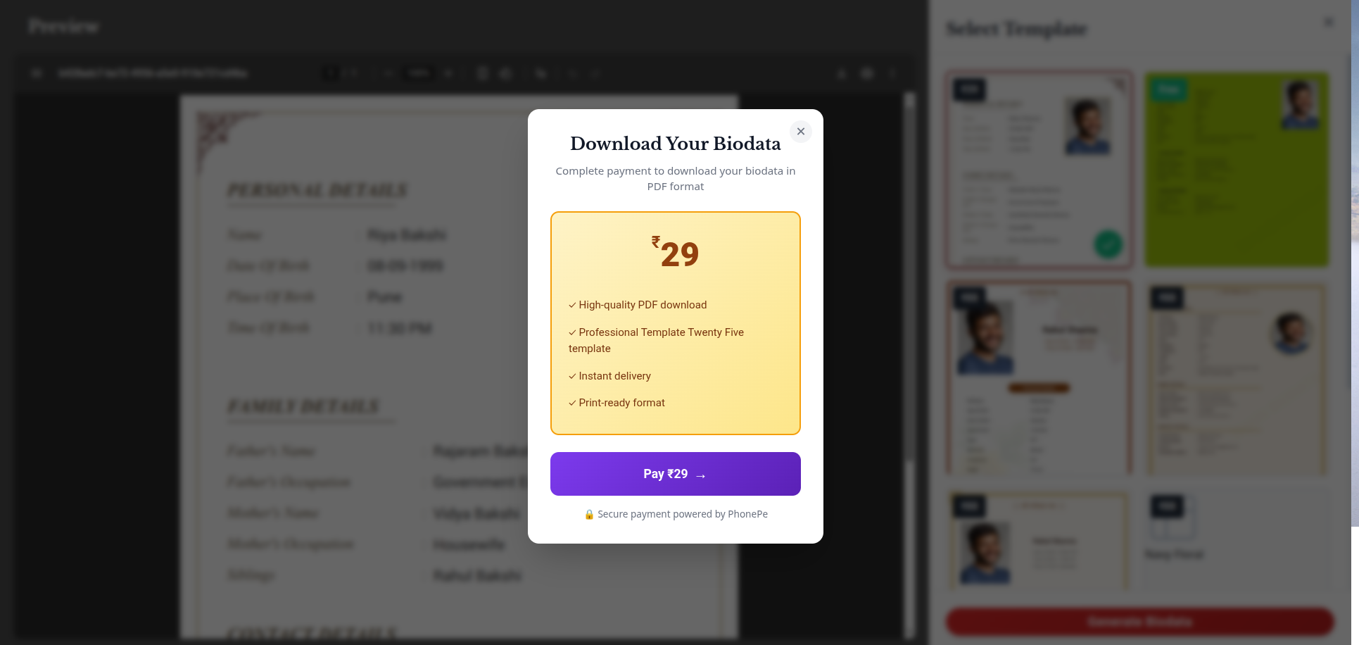 काही मिनिटांत डाउनलोडसाठी तयार. या सोप्या पायऱ्या अनुसरा आणि सुंदर, शेअर-रेडी मराठी बायोडाटा मिळवा.
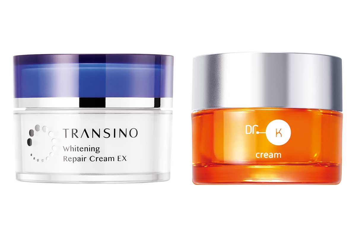 左から:トラネキサム酸を配合したジェルで透明感のある肌に。トランシーノ薬用ホワイトニングリペアクリームEX [医薬部外品] 35g ¥4,400〈編集部調べ〉(第一三共ヘルスケア)美白やシワ改善、抗炎症にレチノール誘導体など有効成分が炎症老化を徹底防御。ドクターケイ 薬用ABC-GプレミアムクリームTA [医薬部外品]30g ¥8,250(ドクターケイ)
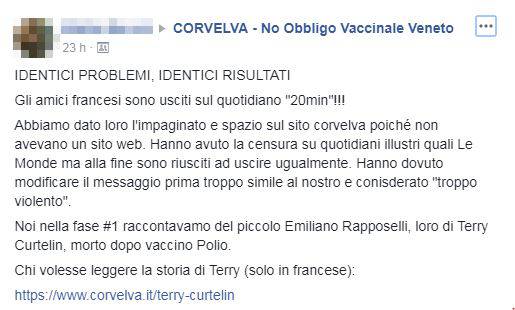 Così le foto in bianco e nero dei bambini presunti morti da vaccino con le didascalie di denuncia in bella evidenza sono finite su un giornale francese, mentre lo spazio sul web glielo ha dato Corvelva, molto più organizzata e strutturata dei francesi. La vicenda ha suscitato l’attenzione dei media e il caso è finito sul quotidiano francese Le Monde, che ha trattato direttamente la campagna di Corvelva giudicandola ingannevole.
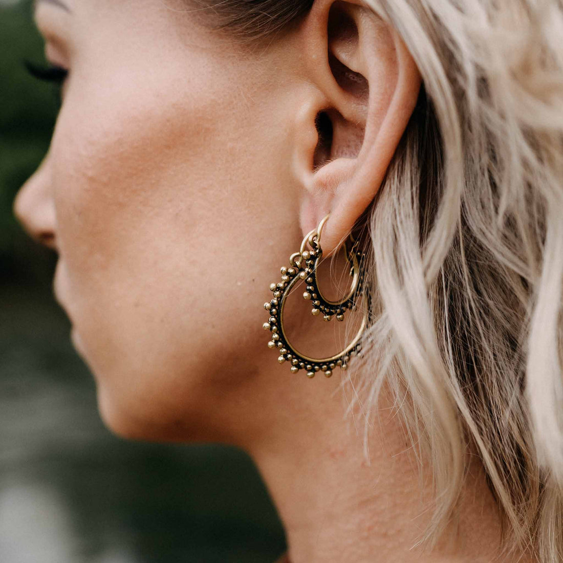 Unsere Messingohrringe gibt es in verschiedenen Formen wie Kreolen, Mandala oder mit Heilsteinen wie dem Bergkristall.
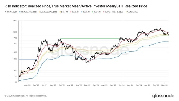 Les données de Glassnode confirment la gravité de la situation. Alors que le Bitcoin s'échange actuellement à 78 600 $, les principaux modèles de prix on-chain restent plus élevés :
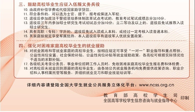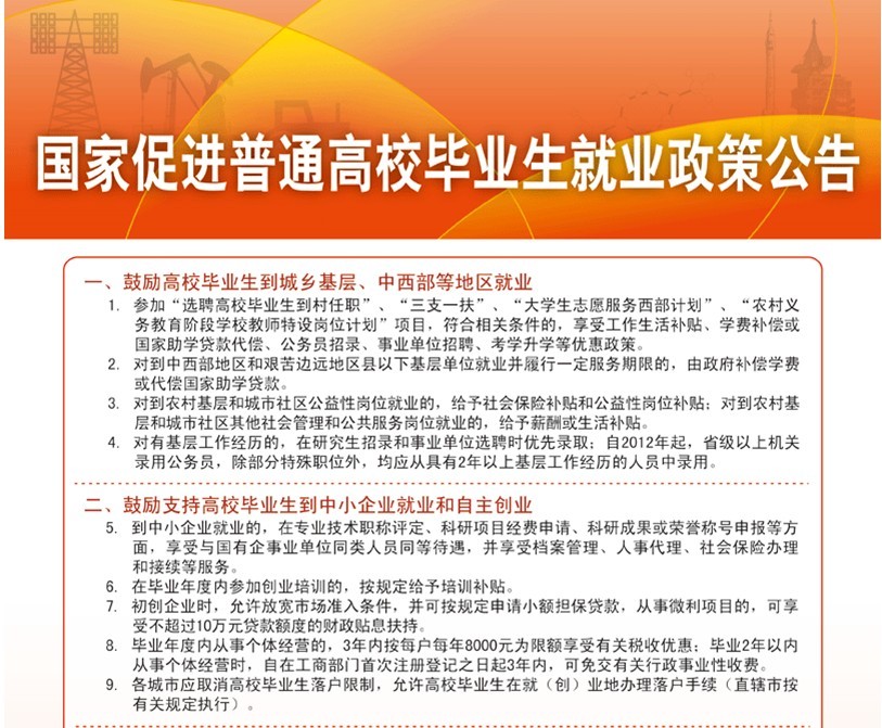 国家促进普通高校毕业生就业政策公告
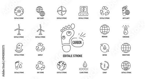 A set of eco-friendly vector icons and illustrations in a minimal flat design style
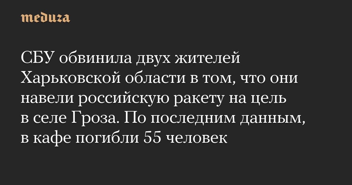 СБУ обвинила двух жителей Харьковской области в том, что они навели российскую ракету на цель в селе Гроза. По последним данным, в кафе погибли 55 человек
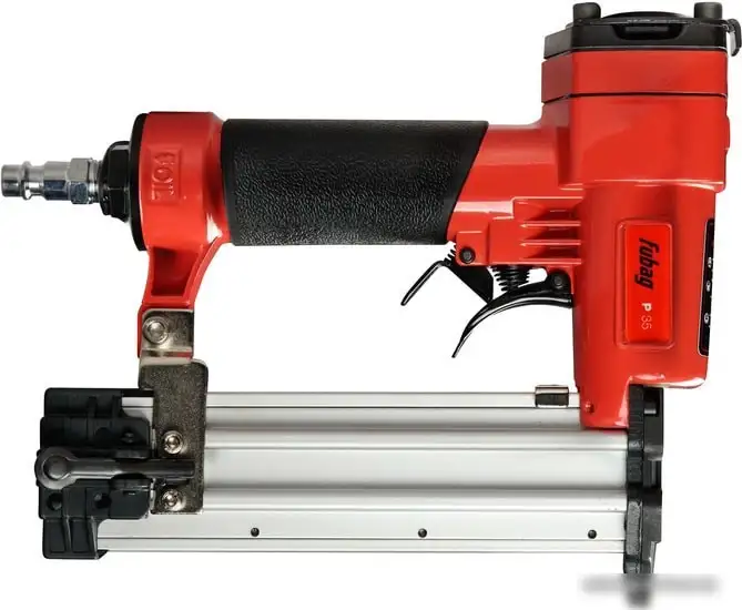 Fubag P35 100162 — это пневматический пистолет, который предназначен для работы со шпильками длиной от 10 до 35 мм и с сечением ножки 2,3 мм. Он расходует всего 0,4 литра воздуха за удар, что помогает экономить энергию и воздух. Пистолет оснащён магазином на 100 шпилек, что позволяет работать длительное время без частой перезарядки. Он имеет предохранитель для безопасной эксплуатации и компактный размер (22,5 см длиной и вес менее 1 кг), что делает его удобным в использовании. Благодаря лёгкому весу, менее 1 кг, пользоваться им удобно и он не утомляет руки. Этот инструмент отлично подходит для домашних и профессиональных задач, связанных с креплением шпилек.
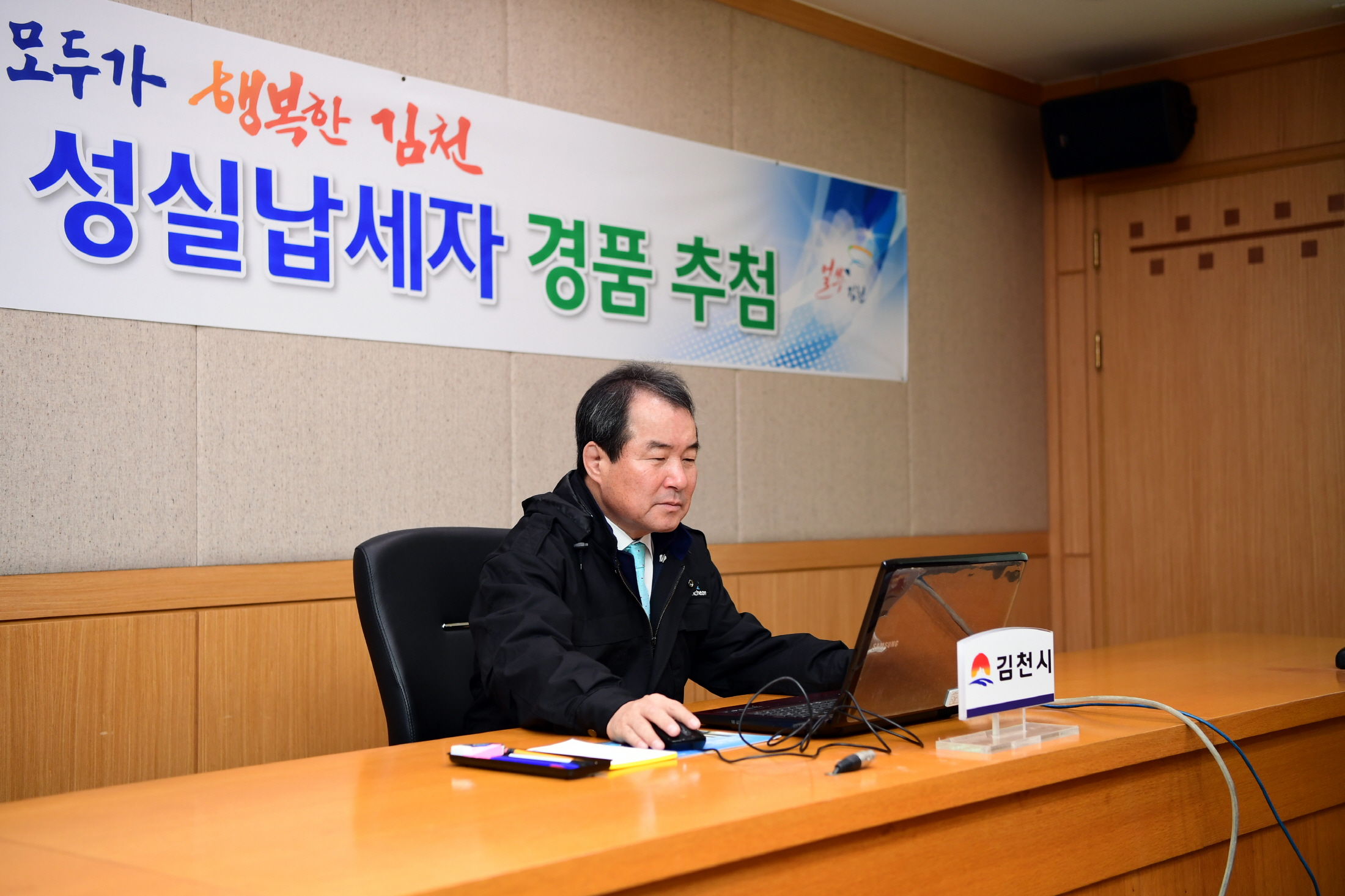 | 김천시(시장 김충섭)는 지방세 자진납부 풍토조성 및 체납액 최소화를 위해 11월28일 시청 3층 영상회의실에서 지방세를 납기 내 납부한 사람을 대상으로 김충섭 시장이 직접 성실납세자 경품추첨을 했다. 이번 추첨대상은 김천시조례에 의거 김천시에 주소 또는 사업장을 두고 지난 3년간 연 3건 이상의 지방세를 납부기한까지 전액 납부한 성실납세자 12,251명을 대상으로 지방세정보시스템을 통해 100명을 무작위 추첨했다.
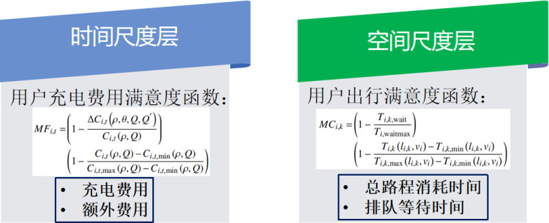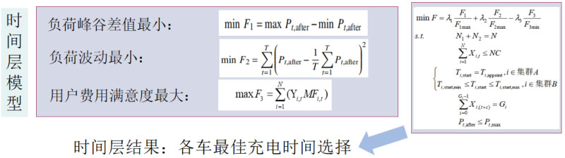 基于上述思想,建立時(shí)空雙尺度優(yōu)化模型。時(shí)間層優(yōu)化模型如圖5所示,將負(fù)荷曲線峰谷差最小和負(fù)荷波動(dòng)最小都列入目標(biāo)函數(shù)內(nèi)。同時(shí),將用戶充電費(fèi)用滿意度考慮在內(nèi),最大程度發(fā)揮用戶的參與度。
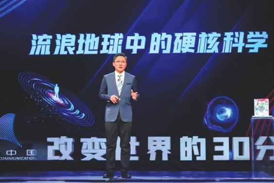 王元卓在讲解流浪地球中的硬核科学。
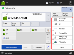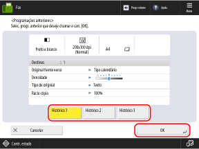 Prima [Progr. anteriores] para recuperar as definições utilizadas anteriormente para o envio de faxes. O destino de envio é aplicado juntamente com as definições recuperadas.
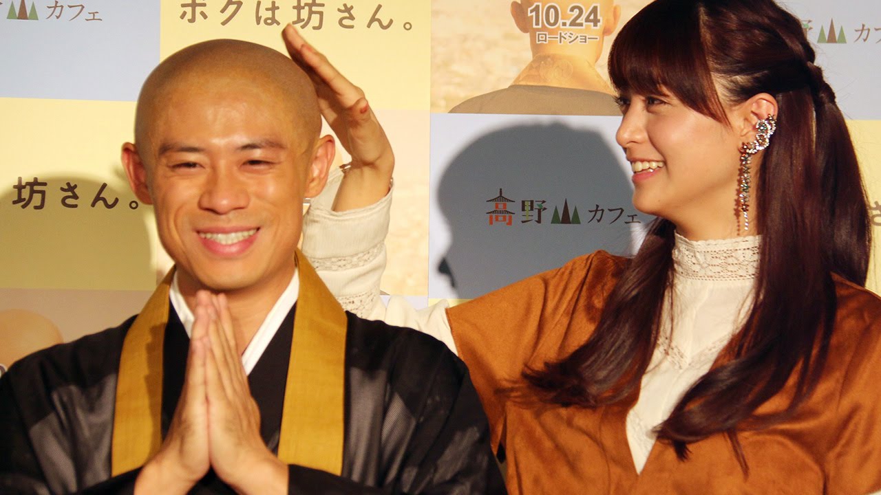 “Mizuki Yamamoto: “”I feel uncomfortable”” when touching Atsushi Ito’s “priest head”. Event of movie “”I’m a priest”” 2
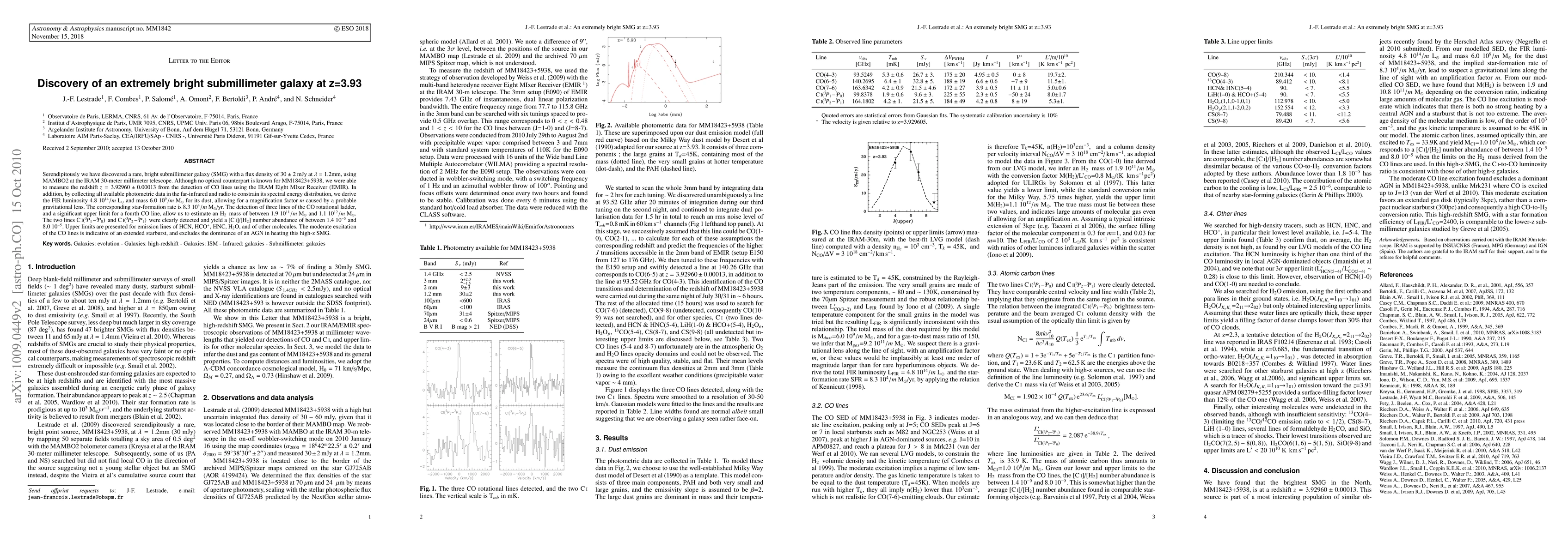 This research paper details the discovery of a rare, extremely bright submillimeter galaxy (SMG) at redshift z=3.93. Utilizing the IRAM 30-meter telescope and EMIR, they detected CO lines, estimating its FIR luminosity, mass, and star-formation rate. The findings suggest an extended starburst scenario, excluding Active Galactic Nuclei (AGN) dominance, and present upper limits for other molecule emission lines.

☆ ☆ ☆ ☆

Only an exact copy of the lines from the top of the entries through the line with "СБУ обвинила двух", both included, should be given, with all pictures omitted.

:: SOLVED PROBLEM ::
 काही मिनिटांत डाउनलोडसाठी तयार. या सोप्या पायऱ्या अनुसरा आणि सुंदर, शेअर-रेडी मराठी बायोडाटा मिळवा.
 左から:トラネキサム酸を配合したジェルで透明感のある肌に。トランシーノ薬用ホワイトニングリペアクリームEX [医薬部外品] 35g ¥4,400〈編集部調べ〉(第一三共ヘルスケア)美白やシワ改善、抗炎症にレチノール誘導体など有効成分が炎症老化を徹底防御。ドクターケイ 薬用ABC-GプレミアムクリームTA [医薬部外品]30g ¥8,250(ドクターケイ)
 Così le foto in bianco e nero dei bambini presunti morti da vaccino con le didascalie di denuncia in bella evidenza sono finite su un giornale francese, mentre lo spazio sul web glielo ha dato Corvelva, molto più organizzata e strutturata dei francesi. La vicenda ha suscitato l’attenzione dei media e il caso è finito sul quotidiano francese Le Monde, che ha trattato direttamente la campagna di Corvelva giudicandola ingannevole.
 Unsere Messingohrringe gibt es in verschiedenen Formen wie Kreolen, Mandala oder mit Heilsteinen wie dem Bergkristall.
 Les données de Glassnode confirment la gravité de la situation. Alors que le Bitcoin s'échange actuellement à 78 600 $, les principaux modèles de prix on-chain restent plus élevés :
 国家促进普通高校毕业生就业政策公告
 A set of eco-friendly vector icons and illustrations in a minimal flat design style
 СБУ обвинила двух жителей Харьковской области в том, что они навели российскую ракету на цель в селе Гроза. По последним данным, в кафе погибли 55 человек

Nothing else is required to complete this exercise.